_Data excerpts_
---*---

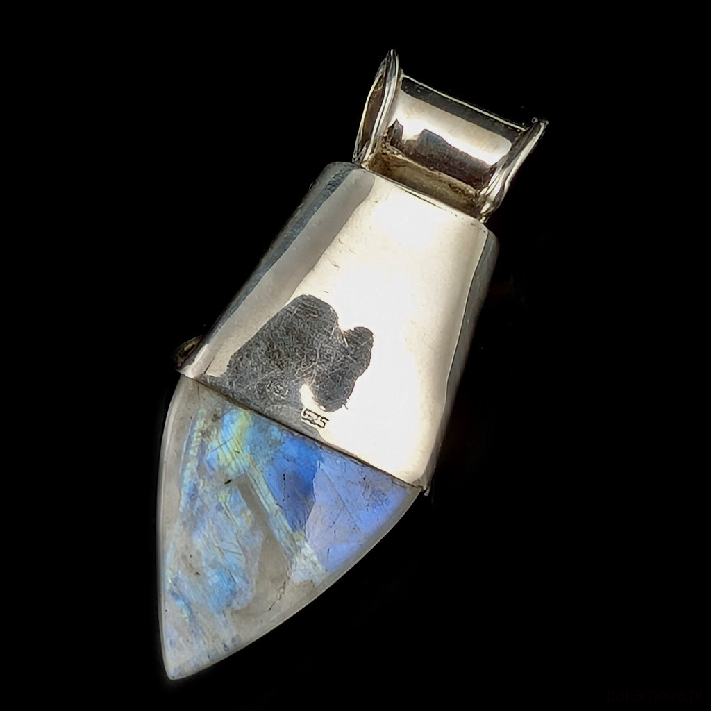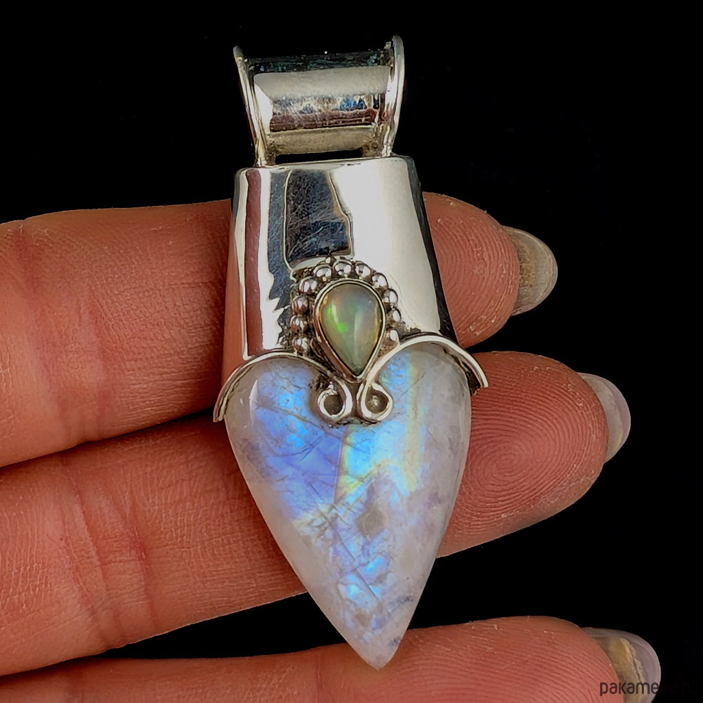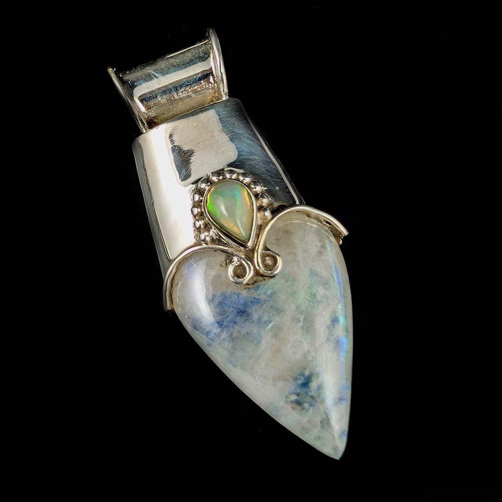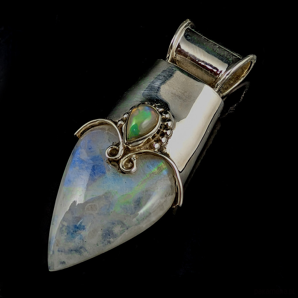 Oryginalny wisior wykonany ze srebra próby 925 oraz przepięknego okazu kamienia księżycowego. Koronę wisiora wienczy opal z Etiopii. Wymiary całego wisiora 50 x 22mm, oprawa opalu 7 x 5 mm. Wisior waży 12,5 grama. Wisior zostanie zapakowany w ozdobne pudełeczko. Wykonany przez dostawcę kamieni.
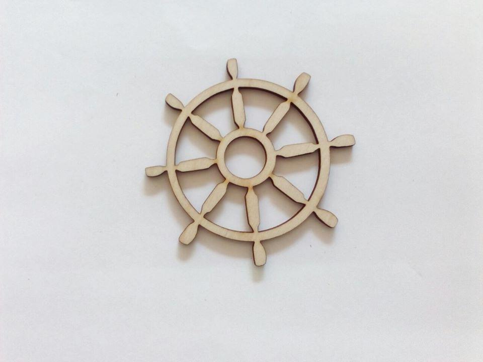 Ξύλινο Διακοσμητικό Τιμόνι με διαστάσεις 8 x 8 εκ. Η τιμή αφορά το τεμάχιο με ελάχιστη ποσότητα παραγγελίας 50 τεμάχια.
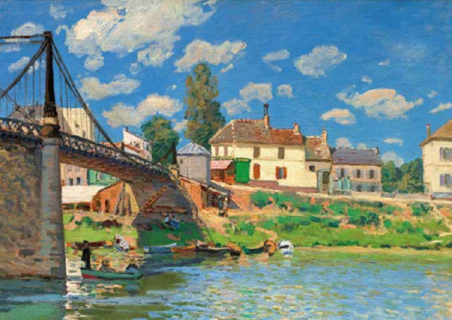 这幅150年前的画,就有了宫崎骏同款治愈蓝!1872年,正值印象派运动初期,阿尔弗雷德·西斯莱创作了《维伦纽夫-拉加雷纳的桥》(The Bridge at Villeneuve-la-Garenne)。
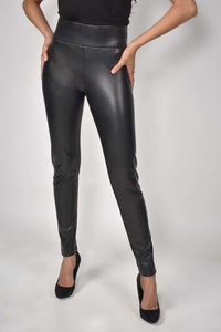 Step into ultimate style and comfort with Frank Lyman’s high-waisted skinny leggings. Crafted from high-shine faux leather, these full-length leggings offer a sleek, edgy look perfect for both casual outings and night events. Their plain pattern and minimalist design make them a versatile wardrobe staple that flatters every silhouette.
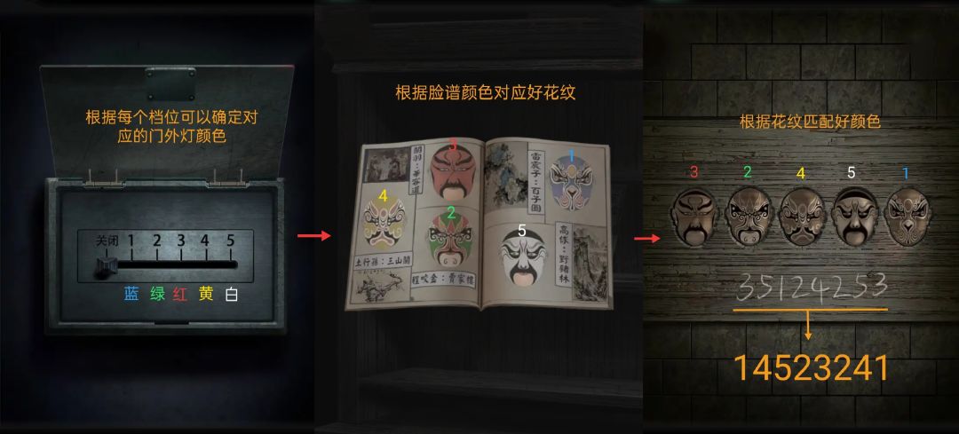 从①门卫室窗沿拿到信封✉️,透过②草丛的地灯💡可以看到信封里面的信息【856714】,以此打开灵棚桌下的③盒子📦,拿到火柴。
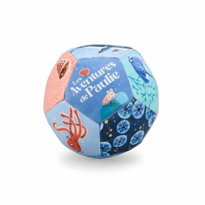 Baby's first ball, this soft toy from Moulin Roty is lovingly decorated in the style of Adventures of Paulie, with bright blues and playful ocean animals. Small and soft, this ball is great to be rolled around and tossed back and forth with your little one.
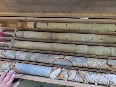 都農小新校舎建設(H25完成)の際に行ったボーリング調査で採取した土です。
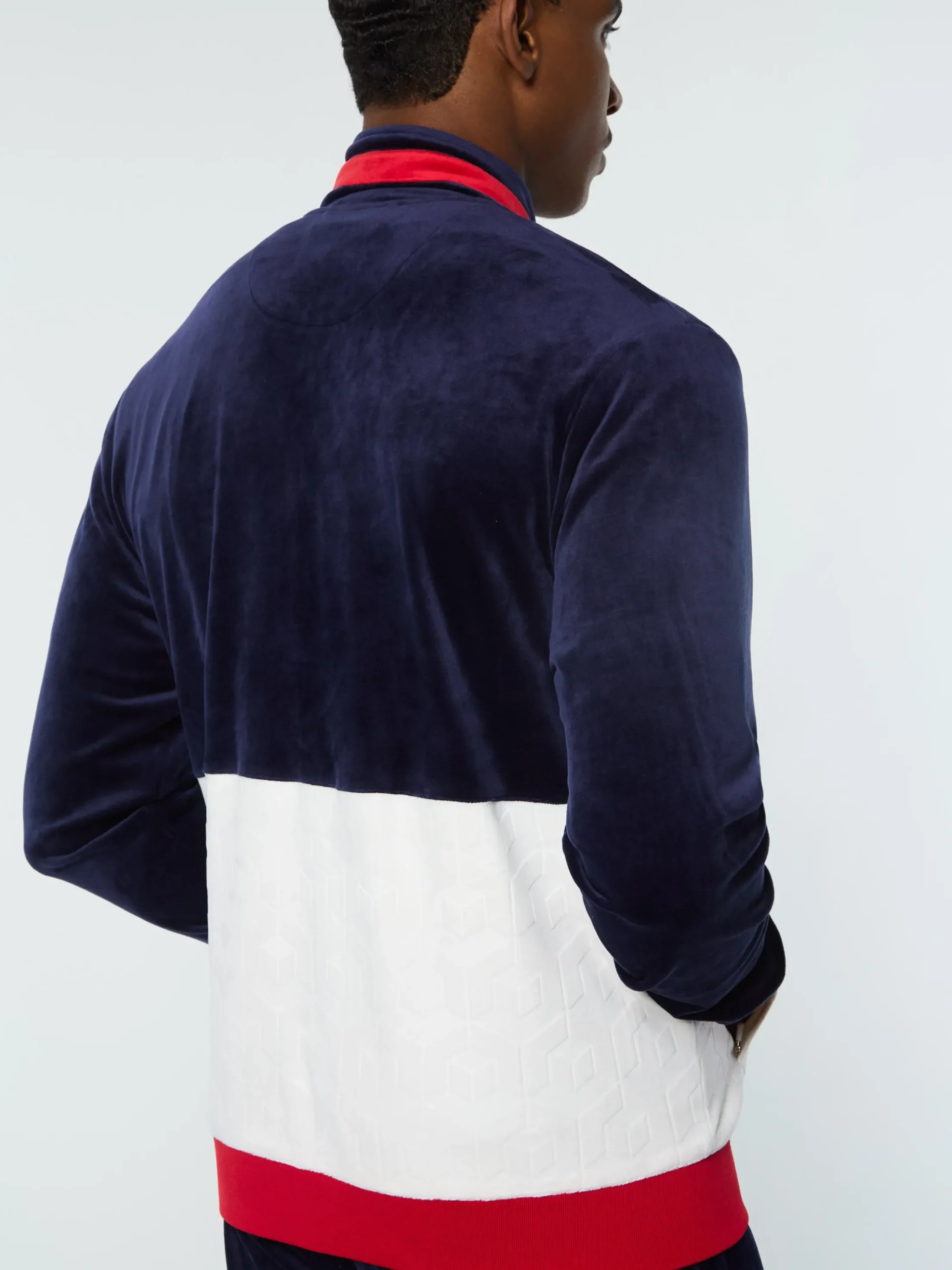 Elevate your everyday with the Foggia Velour Debossed Track Jacket, crafted from super plush velour with a debossed geometric motif for a luxurious spin on classic sportswear. Offered up in a color-blocked silhouette, this premium full-zip is complete with spacious zip-secured pockets and an embroidered ‘ST’ monogram logo.
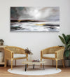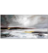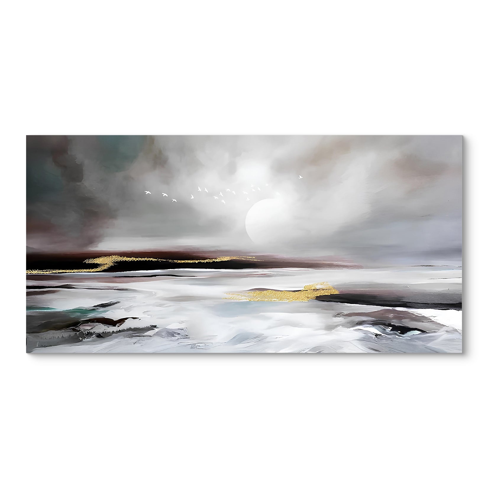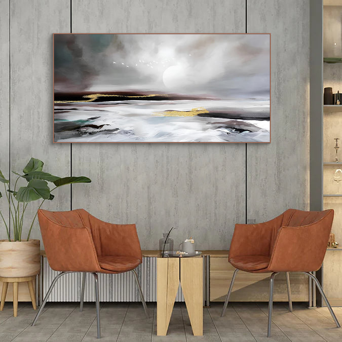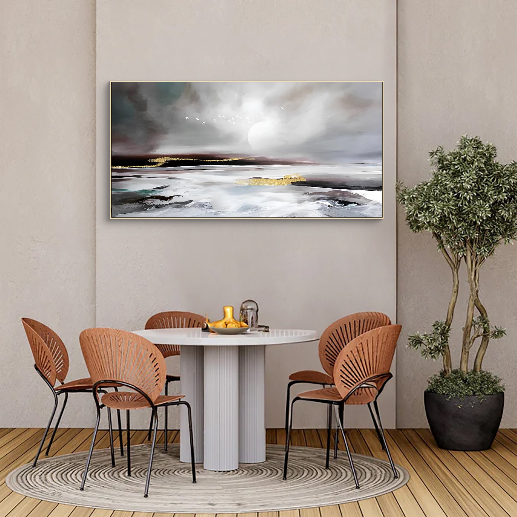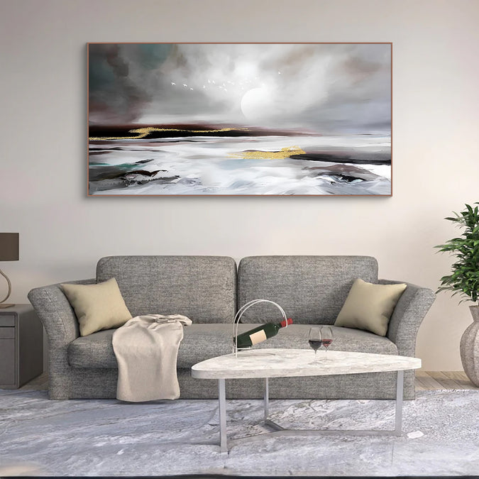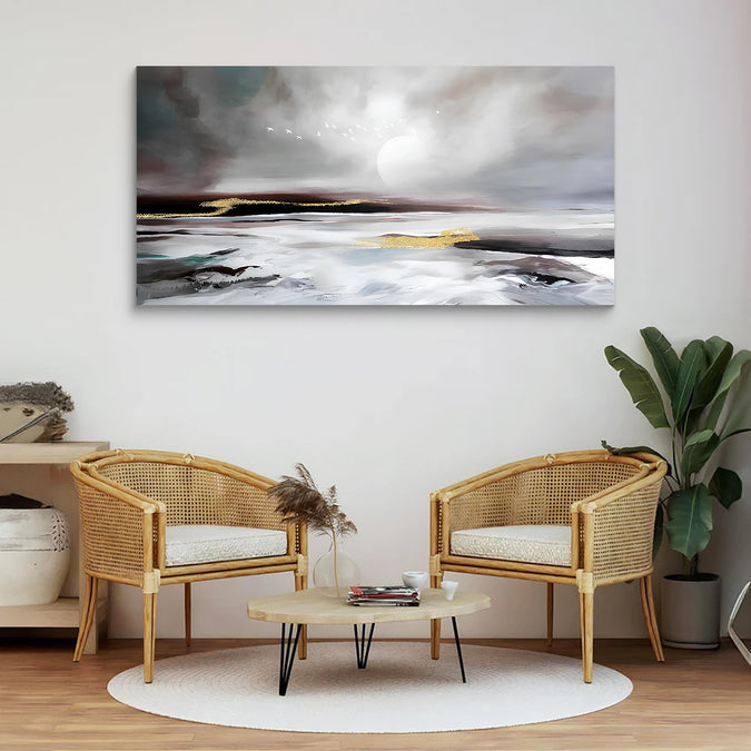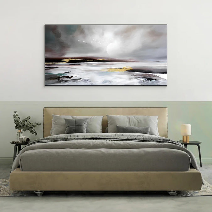This handmade painting captures a tranquil landscape scene with incredible attention to detail. The focal point of the painting is a luminous celestial body shining brightly in the sky, casting a soft glow over the entire scene. Dark, ominous clouds swirl overhead, adding a sense of drama and contrast to the peaceful setting below. A reflective water body stretches out in the foreground, perfectly mirroring the colors of the sky above. The silhouettes of distant landforms can be seen in the background, adding depth and perspective to the composition. In the distance, a flock of birds can be seen flying across the sky, adding a sense of movement and life to the otherwise still scene. The artist has used a combination of bold brushstrokes and delicate details to create a sense of realism and atmosphere in the painting. The colors are rich and vibrant, with a harmonious blend of blues, purples, and oranges creating a stunning visual impact. Overall, this handmade painting is a masterful depiction of nature's beauty and tranquility.
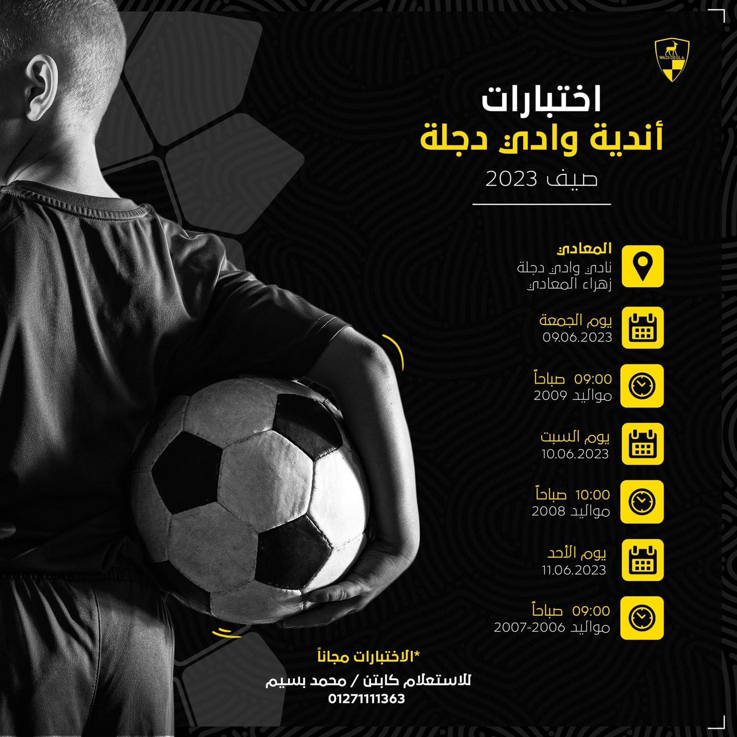 وتقام اختبارات نادي وادي دجلة - زهراء المعادي أيام الجمعة والسبت والأحد
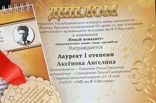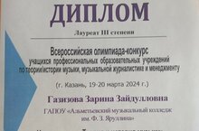 Газизова Зарина - Лауреат 3 степени по теории/истории музыки.
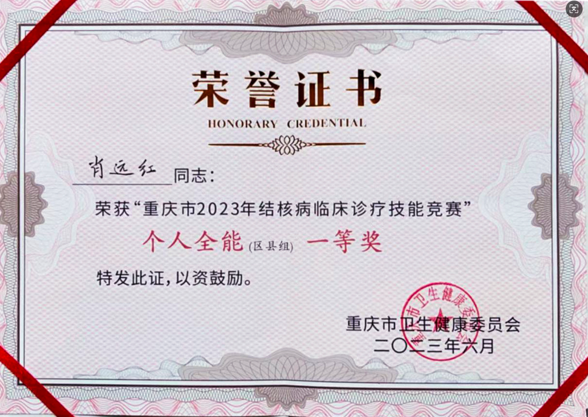 重庆市2023年结核病临床诊疗技能竞赛个人全能一等奖区县组发布时间:2023-06-27
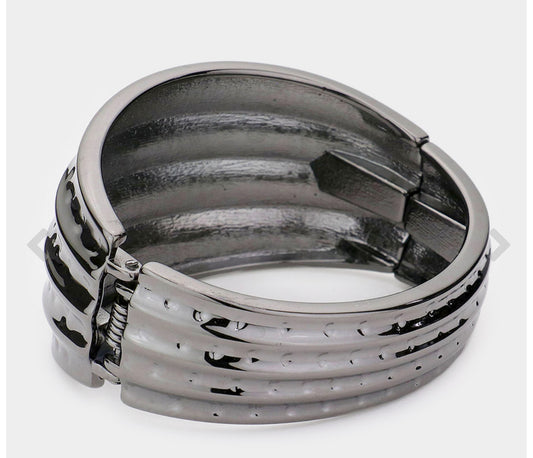 Stone Paved Oval Plate Pointed Stainless Steel Hinged Bracelet
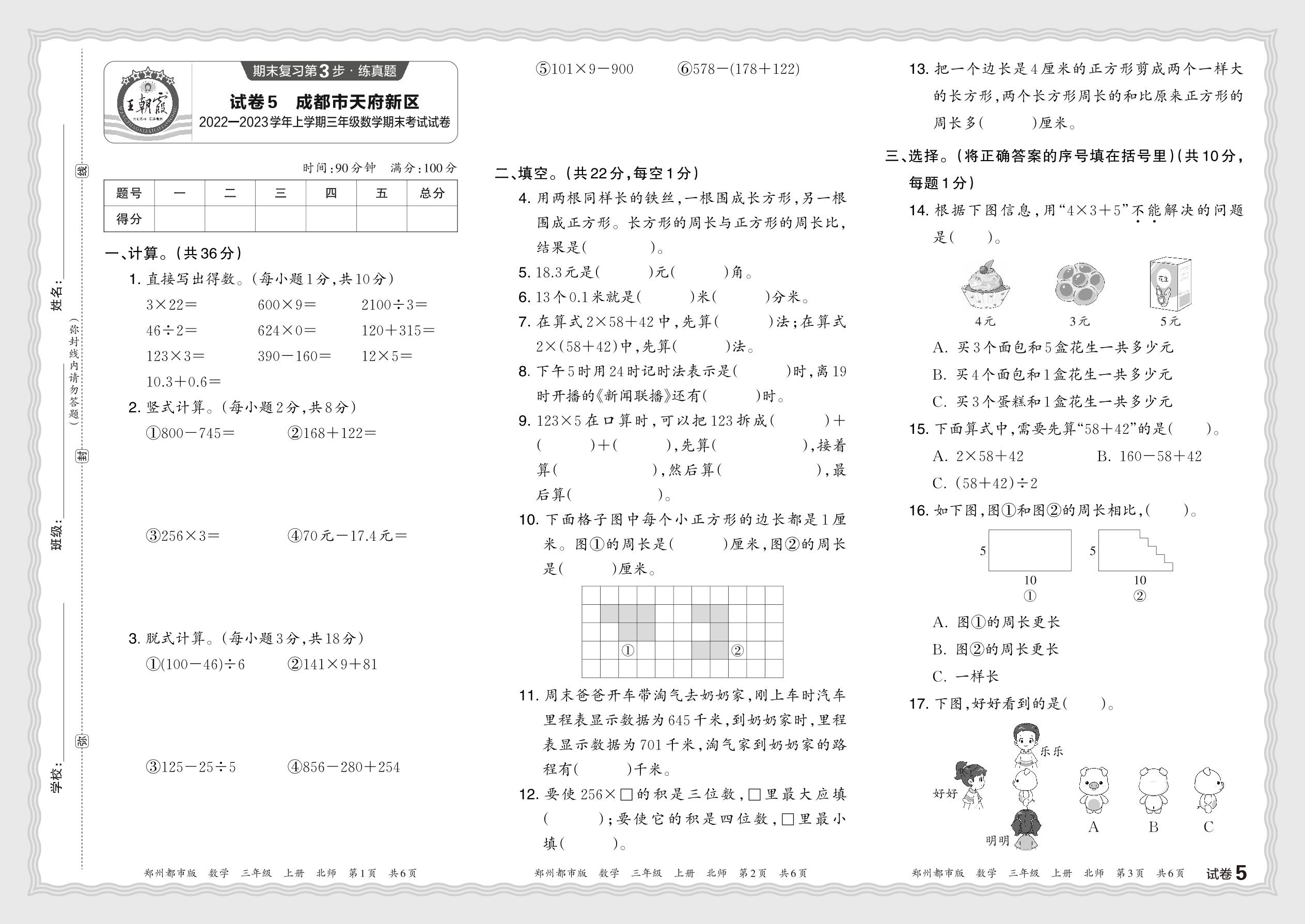 四川省成都市天府新区2022—2023学年第一学期三年级数学期末考试试卷(北师版)【5】

---*---

_YOUR INSTRUCTIONS_
Starting with the line that has "This handmade painting captures" and ending with the last line of the records, retype every line exactly and only those lines. Do not include the pictures.

_TASK SOLUTION_
This handmade painting captures a tranquil landscape scene with incredible attention to detail. The focal point of the painting is a luminous celestial body shining brightly in the sky, casting a soft glow over the entire scene. Dark, ominous clouds swirl overhead, adding a sense of drama and contrast to the peaceful setting below. A reflective water body stretches out in the foreground, perfectly mirroring the colors of the sky above. The silhouettes of distant landforms can be seen in the background, adding depth and perspective to the composition. In the distance, a flock of birds can be seen flying across the sky, adding a sense of movement and life to the otherwise still scene. The artist has used a combination of bold brushstrokes and delicate details to create a sense of realism and atmosphere in the painting. The colors are rich and vibrant, with a harmonious blend of blues, purples, and oranges creating a stunning visual impact. Overall, this handmade painting is a masterful depiction of nature's beauty and tranquility.
 وتقام اختبارات نادي وادي دجلة - زهراء المعادي أيام الجمعة والسبت والأحد
 Газизова Зарина - Лауреат 3 степени по теории/истории музыки.
 重庆市2023年结核病临床诊疗技能竞赛个人全能一等奖区县组发布时间:2023-06-27
 Stone Paved Oval Plate Pointed Stainless Steel Hinged Bracelet
 四川省成都市天府新区2022—2023学年第一学期三年级数学期末考试试卷(北师版)【5】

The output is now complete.